At the same time, research suggests that there are committed audiences of public affairs news, just like there are people devoted to sports, business, health, and the arts. These specialized news consumers currently provide nicely segmented audiences for niche advertisers, and that should ensure the continued availability of news that caters specifically to them. That catering will likely, as Hallin suggests in his essay in this issue, feature increasingly partisan content of the sort we see today online and in cable television.
So, in the aggregate, what do people want from the news? Everything. There are those who want a full range of news options and make their selections on the basis of the menu of the moment. For them, variety in content options is important. There are others who want one, two, three, or ten things, and they consistently want those topics. They are far less sensitive to changes in the external environment. The success of very specialized online Web logs ("blogs") attests to the attractiveness of focused, alternative treatments of familiar news topics.
I occasionally have this annoying feeling that our research with online news audiences and their desires is "discovering" what good journalists, editors, and producers have known all along. There is an audience for pretty much every type of news. Deciding what will be presented in the news hinges, in part, on how badly people want particular content and how much it is worth to them. To be sure, there are many pressures, normative and otherwise, acting on the press (Bennett, 1996; Hallin, in this issue). But, from a purely market-driven perspective, it is clear that both generalization and segmentation of content pay.

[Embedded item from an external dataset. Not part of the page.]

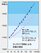 日本タッチケア協会は、『タッチケアの効果は、低出生体重児(未熟児)をはじめとするハイリスク児に限定されたものではありません。ごく一般的な乳幼児にとっても、同様の効果があることが、研究からも実証されています。マッサージを受けた低出生体重児は、マッサージを受けていないグループより、1日あたりの体重増加が平均で約47%高いという結果が得られました。』と報告しています。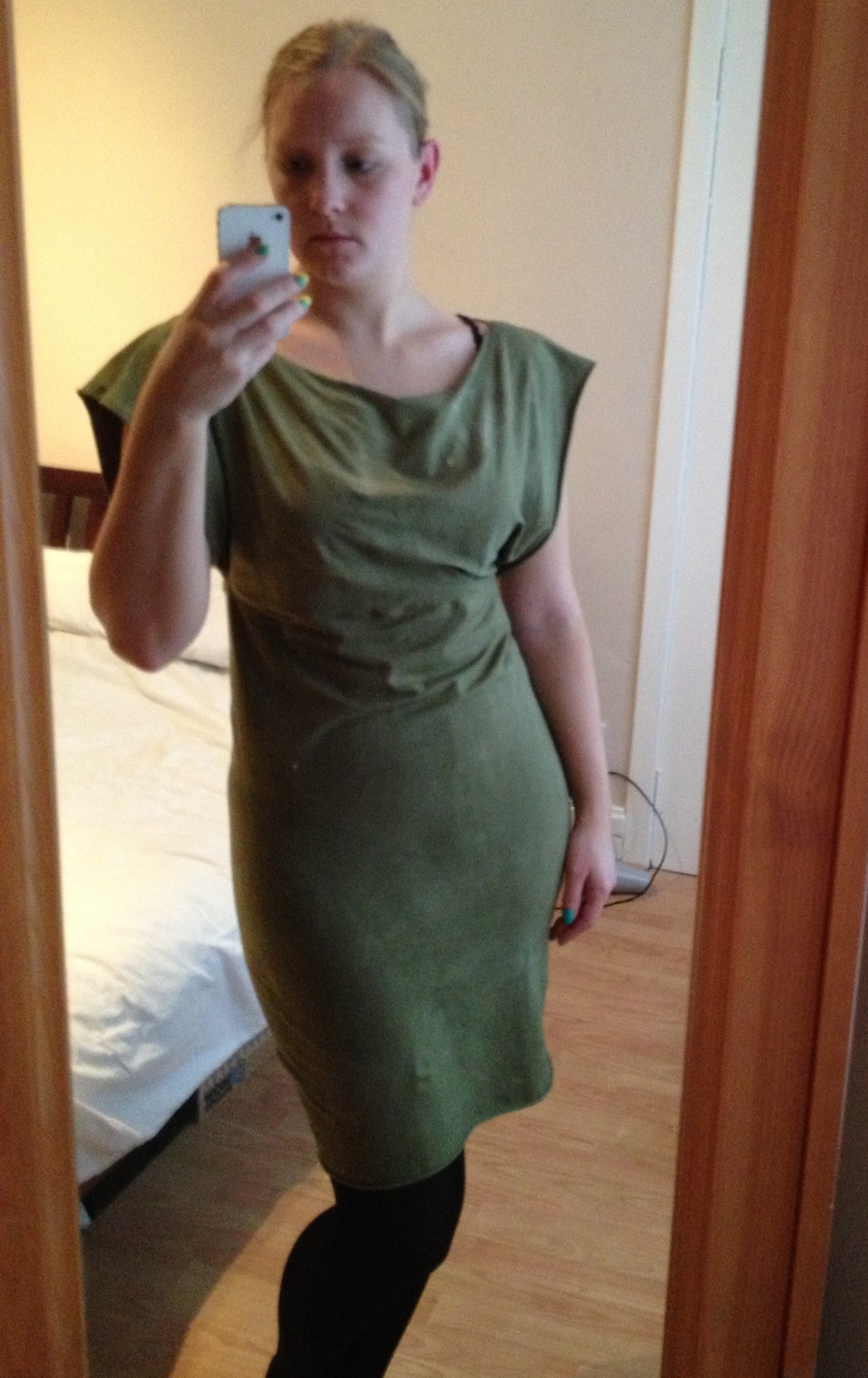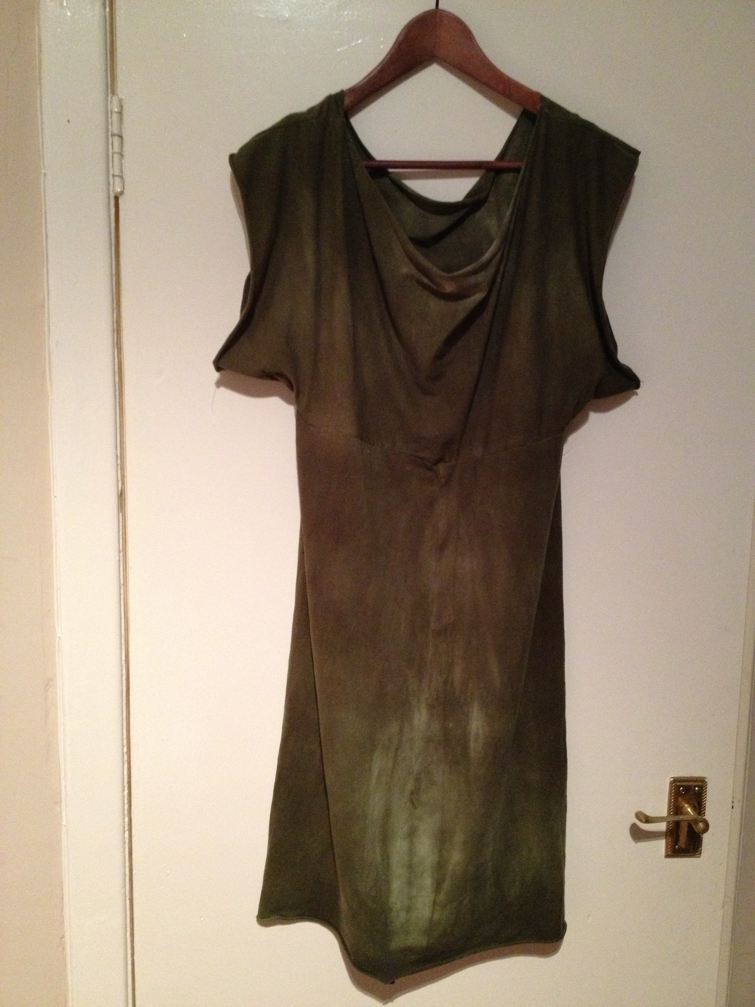 I think I will dye it again to even out the colour and will maybe hem the sleeves to stop the rolling edges. The cowl at the front isn’t a big as I’d like so I may mess around with the measurements if I’m making another dress.

That is the future of the news, to my mind: There will likely be coexistence, probably very peaceful and synergistic, of both mass and segmented news delivery. This will happen within a technological infrastructure that allows people to be as passive or active in their selection of content as they want. What they choose will be the topics of today, but more of everything. There will be more entertaining, informative, and opinion-filled news. This diversity of content will meet with approval by some members of the audience. For the others, there will always be ways to filter, limit, and control. The questions that remain are who will be in control and whether the audience will care who it is.
David Tewksbury is an Associate Professor in the Department of Speech Communication, University of Illinois, Champaign-Urbana.
REFERENCES
Althaus, S. L. (2002). American news consumption during times of national crisis. PS: Political Science & Politics, 35 , 517-521.
Bennett W. L. (1996). An introduction to journalism norms and representations of politics. Political Communication, 13(4), 373-384, 1996 Oct-Dec.
Pew Center for the People and the Press (2004). Public Attentiveness To News Stories: 1986 - 2004 . Accessed on December 14, 2005 from http://people-press.org/nii/.
Tewksbury, D. (2003). What do Americans really want to know? Tracking the behavior of news readers on the Internet. Journal of Communication, 53 , 694-710.